Although the lack of coverage of business associates is a significant problem under the HIPAA Privacy Rule, it is not the only shortcoming. In contemplating the effect of the Privacy Rule on the post-NHIN world of electronic health information exchange, the five following shortcomings also deserve mention: (1) under HIPAA, individuals are entitled only to receive an NPP, they are not given an opportunity to opt-in or opt-out of a network, a key requirement for such an expanded aggregation of their health information; (2) under HIPAA, patients have no ability to segregate sensitive elements of their health records, such as by having separate restrictions on disclosure of substance abuse, mental health, reproductive health, or other information; (3) under HIPAA, there are no provisions for establishing contextual access criteria or role-based access criteria to restrict the scope of disclosures; (4) under HIPAA, there are loose standards for the disclosure of PHI to law enforcement and other third party requestors that are even more problemmatic in the context of disclosing an individual’s complete, cradle-to-grave health records; and (5) under HIPAA, there is inadequate enforcement, research, oversight, outreach, and education.

The NHIN will facilitate the development of interoperable networks of EHRs. In turn, these networks will enable the disclosure of significantly greater quantities of longitudinal and comprehensive health information. The greater volume of health information subject to disclosure increases the likelihood that individual health records will contain sensitive material.

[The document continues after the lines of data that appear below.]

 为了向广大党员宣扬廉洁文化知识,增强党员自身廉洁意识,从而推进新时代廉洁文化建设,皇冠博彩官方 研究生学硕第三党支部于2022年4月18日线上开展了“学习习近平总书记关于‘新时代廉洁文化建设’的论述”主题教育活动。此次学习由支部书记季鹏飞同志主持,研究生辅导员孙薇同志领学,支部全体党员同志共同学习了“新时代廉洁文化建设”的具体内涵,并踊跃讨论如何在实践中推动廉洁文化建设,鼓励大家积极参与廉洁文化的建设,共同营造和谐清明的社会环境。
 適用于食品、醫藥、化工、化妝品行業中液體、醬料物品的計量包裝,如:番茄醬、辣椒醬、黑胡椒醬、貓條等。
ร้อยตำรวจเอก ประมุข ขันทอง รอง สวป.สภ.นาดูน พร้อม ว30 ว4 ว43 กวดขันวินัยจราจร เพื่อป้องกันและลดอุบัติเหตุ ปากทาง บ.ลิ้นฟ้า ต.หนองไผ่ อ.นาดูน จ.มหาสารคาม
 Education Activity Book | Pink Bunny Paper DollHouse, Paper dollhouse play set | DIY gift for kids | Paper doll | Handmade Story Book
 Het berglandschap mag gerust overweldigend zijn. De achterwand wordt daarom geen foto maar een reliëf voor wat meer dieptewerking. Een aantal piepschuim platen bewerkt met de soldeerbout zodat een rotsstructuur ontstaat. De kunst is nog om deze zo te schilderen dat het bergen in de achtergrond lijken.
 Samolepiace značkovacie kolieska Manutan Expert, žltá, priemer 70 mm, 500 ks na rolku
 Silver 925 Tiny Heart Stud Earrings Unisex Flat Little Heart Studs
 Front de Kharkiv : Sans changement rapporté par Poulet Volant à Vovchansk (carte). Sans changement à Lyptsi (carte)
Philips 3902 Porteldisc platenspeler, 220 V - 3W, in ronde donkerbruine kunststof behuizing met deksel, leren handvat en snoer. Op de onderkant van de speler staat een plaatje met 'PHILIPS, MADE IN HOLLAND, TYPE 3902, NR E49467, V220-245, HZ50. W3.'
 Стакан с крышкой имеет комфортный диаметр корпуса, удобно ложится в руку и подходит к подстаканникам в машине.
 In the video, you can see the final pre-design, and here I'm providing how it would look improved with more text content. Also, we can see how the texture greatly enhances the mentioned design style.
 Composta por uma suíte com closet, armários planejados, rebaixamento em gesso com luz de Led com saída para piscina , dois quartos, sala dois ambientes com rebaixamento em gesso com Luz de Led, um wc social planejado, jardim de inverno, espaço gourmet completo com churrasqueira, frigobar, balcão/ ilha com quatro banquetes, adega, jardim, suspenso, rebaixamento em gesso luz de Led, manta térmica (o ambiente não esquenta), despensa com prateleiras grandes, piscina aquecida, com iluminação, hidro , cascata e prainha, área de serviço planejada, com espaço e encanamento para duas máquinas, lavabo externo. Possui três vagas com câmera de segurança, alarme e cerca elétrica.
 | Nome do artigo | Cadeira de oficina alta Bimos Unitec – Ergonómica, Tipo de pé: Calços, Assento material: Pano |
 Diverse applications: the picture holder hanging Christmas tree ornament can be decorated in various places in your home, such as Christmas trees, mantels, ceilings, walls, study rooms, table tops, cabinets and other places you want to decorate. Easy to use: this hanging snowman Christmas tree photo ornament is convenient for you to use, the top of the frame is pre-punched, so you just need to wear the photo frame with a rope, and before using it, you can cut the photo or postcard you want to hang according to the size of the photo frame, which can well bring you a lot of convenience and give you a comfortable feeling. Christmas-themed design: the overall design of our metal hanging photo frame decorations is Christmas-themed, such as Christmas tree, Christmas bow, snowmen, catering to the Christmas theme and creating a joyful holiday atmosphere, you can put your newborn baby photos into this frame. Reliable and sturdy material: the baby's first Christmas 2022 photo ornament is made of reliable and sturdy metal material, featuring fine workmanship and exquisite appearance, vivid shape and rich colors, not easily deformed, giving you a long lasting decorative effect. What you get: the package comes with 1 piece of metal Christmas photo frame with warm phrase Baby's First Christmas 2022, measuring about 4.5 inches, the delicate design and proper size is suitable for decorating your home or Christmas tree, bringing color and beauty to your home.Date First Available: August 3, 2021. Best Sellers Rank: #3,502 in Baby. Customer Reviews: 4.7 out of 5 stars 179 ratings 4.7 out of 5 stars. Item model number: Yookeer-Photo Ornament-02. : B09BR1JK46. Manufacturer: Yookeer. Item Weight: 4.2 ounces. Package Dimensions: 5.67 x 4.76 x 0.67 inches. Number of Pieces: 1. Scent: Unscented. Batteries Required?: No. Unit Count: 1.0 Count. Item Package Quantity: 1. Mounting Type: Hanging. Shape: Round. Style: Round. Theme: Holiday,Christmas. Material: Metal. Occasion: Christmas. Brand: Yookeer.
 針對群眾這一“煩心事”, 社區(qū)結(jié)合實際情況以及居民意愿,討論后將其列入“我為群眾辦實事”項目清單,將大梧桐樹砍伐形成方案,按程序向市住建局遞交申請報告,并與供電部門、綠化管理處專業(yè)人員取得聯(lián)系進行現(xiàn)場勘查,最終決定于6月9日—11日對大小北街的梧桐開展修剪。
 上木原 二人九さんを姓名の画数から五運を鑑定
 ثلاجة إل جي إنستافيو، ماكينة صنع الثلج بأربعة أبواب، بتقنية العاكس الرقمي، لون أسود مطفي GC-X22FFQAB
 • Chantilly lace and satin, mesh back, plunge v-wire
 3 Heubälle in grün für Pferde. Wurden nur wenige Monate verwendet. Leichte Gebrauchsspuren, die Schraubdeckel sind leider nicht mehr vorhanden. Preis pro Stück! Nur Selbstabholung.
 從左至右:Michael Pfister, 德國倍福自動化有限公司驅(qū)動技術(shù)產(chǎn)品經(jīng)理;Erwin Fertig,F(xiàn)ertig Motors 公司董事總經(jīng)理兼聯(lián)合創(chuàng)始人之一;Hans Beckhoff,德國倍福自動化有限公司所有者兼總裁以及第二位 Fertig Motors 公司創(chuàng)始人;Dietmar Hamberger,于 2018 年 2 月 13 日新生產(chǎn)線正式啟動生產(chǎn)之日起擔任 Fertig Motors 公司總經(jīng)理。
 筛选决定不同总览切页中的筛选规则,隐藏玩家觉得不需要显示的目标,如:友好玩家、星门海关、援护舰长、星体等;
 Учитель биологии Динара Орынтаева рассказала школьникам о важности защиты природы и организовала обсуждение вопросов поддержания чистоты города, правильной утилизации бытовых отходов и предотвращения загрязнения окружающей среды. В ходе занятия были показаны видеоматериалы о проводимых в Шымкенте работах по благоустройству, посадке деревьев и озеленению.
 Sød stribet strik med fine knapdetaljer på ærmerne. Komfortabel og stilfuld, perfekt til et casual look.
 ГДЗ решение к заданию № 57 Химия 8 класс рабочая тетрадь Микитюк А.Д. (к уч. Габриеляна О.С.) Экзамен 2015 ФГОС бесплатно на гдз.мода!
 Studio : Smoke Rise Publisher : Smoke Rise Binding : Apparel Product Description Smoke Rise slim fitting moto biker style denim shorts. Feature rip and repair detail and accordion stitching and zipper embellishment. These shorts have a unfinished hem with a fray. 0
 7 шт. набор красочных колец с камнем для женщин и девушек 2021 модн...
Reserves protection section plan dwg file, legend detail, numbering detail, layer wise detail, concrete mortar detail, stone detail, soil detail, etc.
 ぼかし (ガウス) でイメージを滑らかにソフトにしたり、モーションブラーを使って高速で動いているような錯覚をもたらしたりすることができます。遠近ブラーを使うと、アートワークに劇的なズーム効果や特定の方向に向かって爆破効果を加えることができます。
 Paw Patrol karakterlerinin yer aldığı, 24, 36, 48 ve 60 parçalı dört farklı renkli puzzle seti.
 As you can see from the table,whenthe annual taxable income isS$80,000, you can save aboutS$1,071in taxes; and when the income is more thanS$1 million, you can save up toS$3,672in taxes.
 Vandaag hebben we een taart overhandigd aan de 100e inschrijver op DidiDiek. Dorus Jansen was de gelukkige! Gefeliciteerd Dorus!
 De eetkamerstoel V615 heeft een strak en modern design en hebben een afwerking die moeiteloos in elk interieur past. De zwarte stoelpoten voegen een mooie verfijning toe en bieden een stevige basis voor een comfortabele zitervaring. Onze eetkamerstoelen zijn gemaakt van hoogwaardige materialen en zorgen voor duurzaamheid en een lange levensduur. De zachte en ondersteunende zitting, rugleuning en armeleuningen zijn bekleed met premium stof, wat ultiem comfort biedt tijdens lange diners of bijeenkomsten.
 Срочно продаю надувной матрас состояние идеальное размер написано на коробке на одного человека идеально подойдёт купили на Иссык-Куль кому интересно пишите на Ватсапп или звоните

Consequently, it is extremely important to develop and impliment strict privacy and security rules for the NHIN. (Although it is beyond the scope of this comment, privacy- and security-enhancing provisions also need to be incorporated into the architecture and infrastructure of the NHIN.) Without these protections, both in the letter of the law and in the aggressive enforcement of the law, members of the public will lack the trust to participate with confidence in the NHIN.

In a real sense, the shortcomings of the HIPAA Privacy Rule will be magnified with the establishment of the NHIN. The foremost shortcoming of HIPAA is its limited applicability. If Congress fails to address this fundamental issue, all of the other needed revisions of the Privacy Rule will be largely irrelevant. Comprehensive health information exchange demands comprehensive privacy and security protection.